== EXTRACTED DATA ==

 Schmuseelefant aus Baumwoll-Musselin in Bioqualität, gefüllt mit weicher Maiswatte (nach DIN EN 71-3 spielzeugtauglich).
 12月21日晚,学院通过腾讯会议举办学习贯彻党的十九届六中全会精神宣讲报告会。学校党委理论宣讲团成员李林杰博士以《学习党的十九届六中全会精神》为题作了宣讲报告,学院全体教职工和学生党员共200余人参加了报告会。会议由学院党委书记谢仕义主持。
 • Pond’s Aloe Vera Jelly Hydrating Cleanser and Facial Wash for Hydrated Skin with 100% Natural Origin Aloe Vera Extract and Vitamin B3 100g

===
== EXTRACTED DATA ==

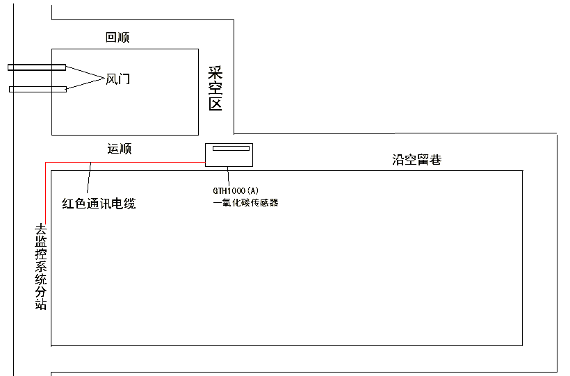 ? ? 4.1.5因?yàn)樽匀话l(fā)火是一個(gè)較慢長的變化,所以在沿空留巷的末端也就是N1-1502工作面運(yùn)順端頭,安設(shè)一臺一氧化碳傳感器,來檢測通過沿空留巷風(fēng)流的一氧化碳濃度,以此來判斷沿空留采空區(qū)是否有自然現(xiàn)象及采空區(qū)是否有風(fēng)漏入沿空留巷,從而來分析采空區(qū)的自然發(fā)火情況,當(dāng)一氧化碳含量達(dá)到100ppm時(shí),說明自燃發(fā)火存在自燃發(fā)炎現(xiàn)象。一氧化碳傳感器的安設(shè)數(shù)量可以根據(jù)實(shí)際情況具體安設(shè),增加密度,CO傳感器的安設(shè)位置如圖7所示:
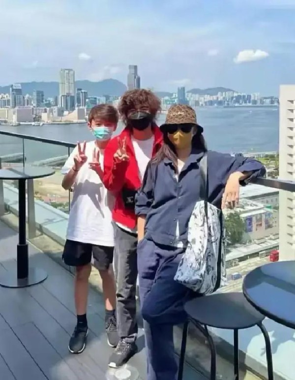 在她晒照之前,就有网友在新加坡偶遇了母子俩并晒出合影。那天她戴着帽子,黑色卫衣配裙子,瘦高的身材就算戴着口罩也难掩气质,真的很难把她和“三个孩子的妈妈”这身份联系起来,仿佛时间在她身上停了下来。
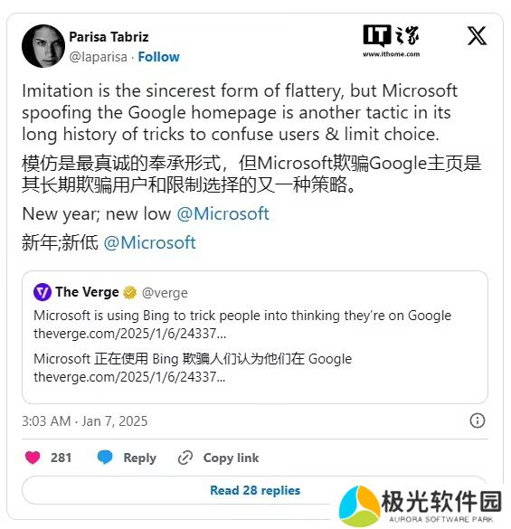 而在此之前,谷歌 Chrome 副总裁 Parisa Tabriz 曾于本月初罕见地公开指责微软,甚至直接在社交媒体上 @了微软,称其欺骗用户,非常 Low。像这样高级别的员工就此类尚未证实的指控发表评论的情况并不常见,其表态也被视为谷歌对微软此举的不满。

===

**ACTIVITY:** Where the line holding "12月21日晚,学院通过腾讯" appears in the listing above, start reproducing exactly, and end with the line holding "Vitamin B3 100g".

**WORKED SOLUTION:**
 12月21日晚,学院通过腾讯会议举办学习贯彻党的十九届六中全会精神宣讲报告会。学校党委理论宣讲团成员李林杰博士以《学习党的十九届六中全会精神》为题作了宣讲报告,学院全体教职工和学生党员共200余人参加了报告会。会议由学院党委书记谢仕义主持。
 • Pond’s Aloe Vera Jelly Hydrating Cleanser and Facial Wash for Hydrated Skin with 100% Natural Origin Aloe Vera Extract and Vitamin B3 100g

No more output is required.